The only way to prevent this is to avoid the race in the first place:

  • Use an external arbiter to protect access to shared resources

    e.g. before inserting into the users table, each program performing the insert contacts the arbiter and request the inserting of 'alfie'. The first request is granted the insert while the others fail.

  • Shard your data so that race conditions cannot occur

    e.g. the users table is sharded based on the first letter of the usename. Inserts for 'alfie' only happen on the database with write access to the 'a' records.

  • Don't use AUTO_INCREMENT keys, use UUIDs instead

    Not useful in the users example, but for tables where AUTO_INCREMENT ids are used, switch to UUIDs to avoid clashes.

BUGS

  • The relay is still in development and have not been released yet

  • Communication over the wire is in plain text. Only use MySQL::Replication over a secure channel (e.g. stunnel, IPSec etc)
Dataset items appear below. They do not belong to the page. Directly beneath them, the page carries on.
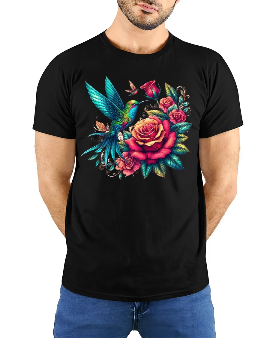 This Hummingbird Rose Garden Tee – Vibrant Floral Nature Art Tshirt brings a burst of color, elegance, and natural beauty to your everyday wardrobe. Featuring a stunning hummingbird hovering gracefully among a bouquet of detailed roses and floral elements, this design blends vivid colors with artistic charm.
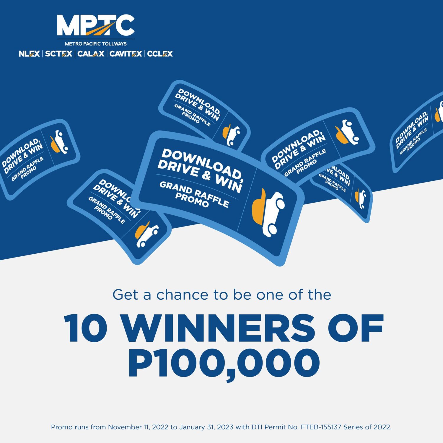 MANILA, Philippines—With their promo: Download, Drive, and Win through their latest application, MPT DriveHub, the Metro Pacific Tollway Corporation (MPTC), operator of CCLEX, CAVITEX, CALAX, NLEX, NLEX Connector, and SCTEX) and MPT Mobility are holding a holiday raffle.
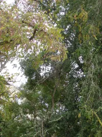 Если посмотреть вверх и приглядеться, то можно увидеть обломанные ветки, которые не упали на землю только потому, что застряли между зарослями.
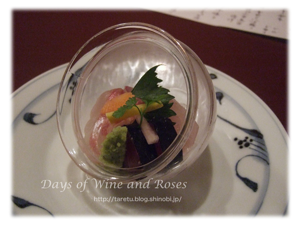内容は鯛にマグロ、かんぱちです。マグロの赤身は海苔で巻いてありちょっと創作料理風でした。
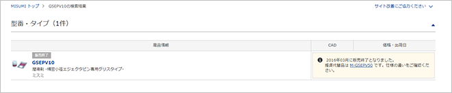 代替品がある場合は、検索結果に表示され、型番をクリックすると代替品の商品情報を確認できます。
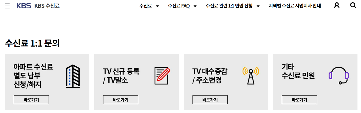 1) KBS 홈페이지에 로그인 → About KBS → 수신료 → 수신료 1:1 문의 → 해당 사항 신청
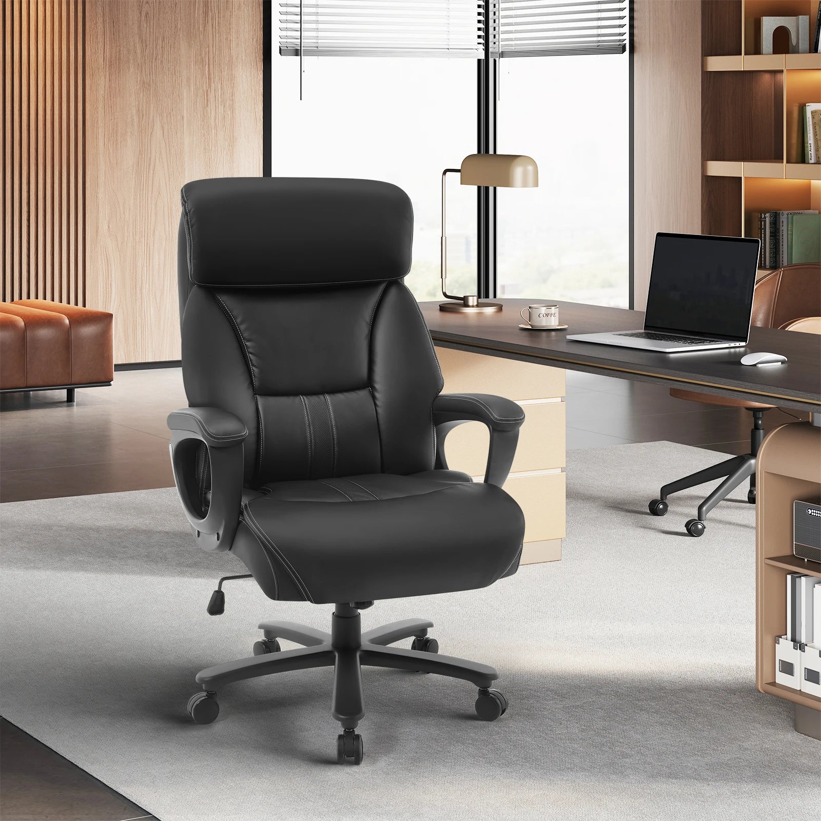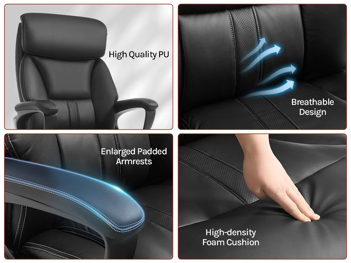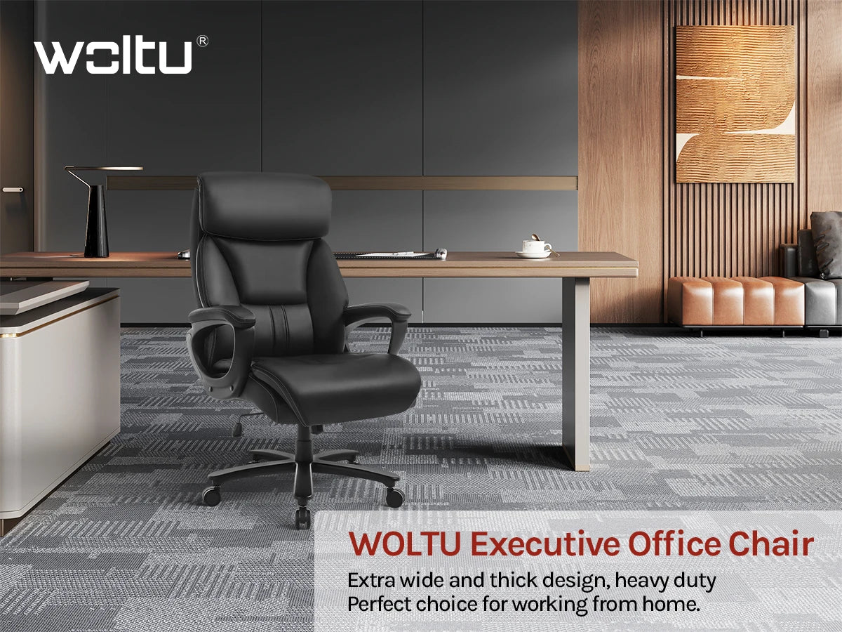 WOLTU Bürostuhl, ergonomischer Computertisch, großer Stuhl mit Kopfstütze, PU-Leder, Chefsessel für Büro, Spiel, Konferenzraum
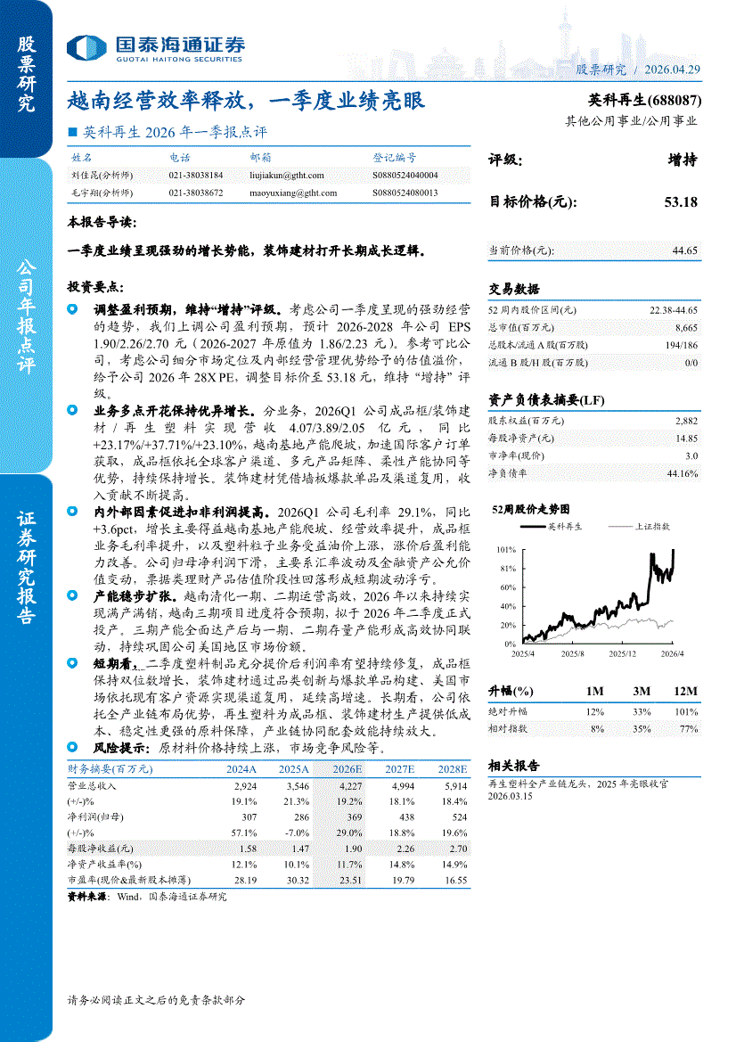 英科再生:国泰海通证券-英科再生-688087-2026年一季报点评:越南经营效率释放,一季度业绩亮眼-260429

  • Row-based replication is not supported yet

  • LOAD DATA events are not supported yet

  • Filtering on queries, tables and schemas are not supported yet

SEE ALSO

AUTHOR

Alfie John, alfiej@opera.com

LICENSE AND COPYRIGHT

Copyright (c) 2011, Opera Software Australia Pty. Ltd. All rights reserved.

Redistribution and use in source and binary forms, with or without modification, are permitted provided that the following conditions are met:

* Redistributions of source code must retain the above copyright notice,
  this list of conditions and the following disclaimer.
* Redistributions in binary form must reproduce the above copyright notice,
  this list of conditions and the following disclaimer in the documentation
  and/or other materials provided with the distribution.
* Neither the name of the copyright holder nor the names of its contributors
  may be used to endorse or promote products derived from this software
  without specific prior written permission.

THIS SOFTWARE IS PROVIDED BY THE COPYRIGHT HOLDERS AND CONTRIBUTORS "AS IS" AND ANY EXPRESS OR IMPLIED WARRANTIES, INCLUDING, BUT NOT LIMITED TO, THE IMPLIED WARRANTIES OF MERCHANTABILITY AND FITNESS FOR A PARTICULAR PURPOSE ARE DISCLAIMED. IN NO EVENT SHALL THE COPYRIGHT HOLDER OR CONTRIBUTORS BE LIABLE FOR ANY DIRECT, INDIRECT, INCIDENTAL, SPECIAL, EXEMPLARY, OR CONSEQUENTIAL DAMAGES (INCLUDING, BUT NOT LIMITED TO, PROCUREMENT OF SUBSTITUTE GOODS OR SERVICES; LOSS OF USE, DATA, OR PROFITS; OR BUSINESS INTERRUPTION) HOWEVER CAUSED AND ON ANY THEORY OF LIABILITY, WHETHER IN CONTRACT, STRICT LIABILITY, OR TORT (INCLUDING NEGLIGENCE OR OTHERWISE) ARISING IN ANY WAY OUT OF THE USE OF THIS SOFTWARE, EVEN IF ADVISED OF THE POSSIBILITY OF SUCH DAMAGE.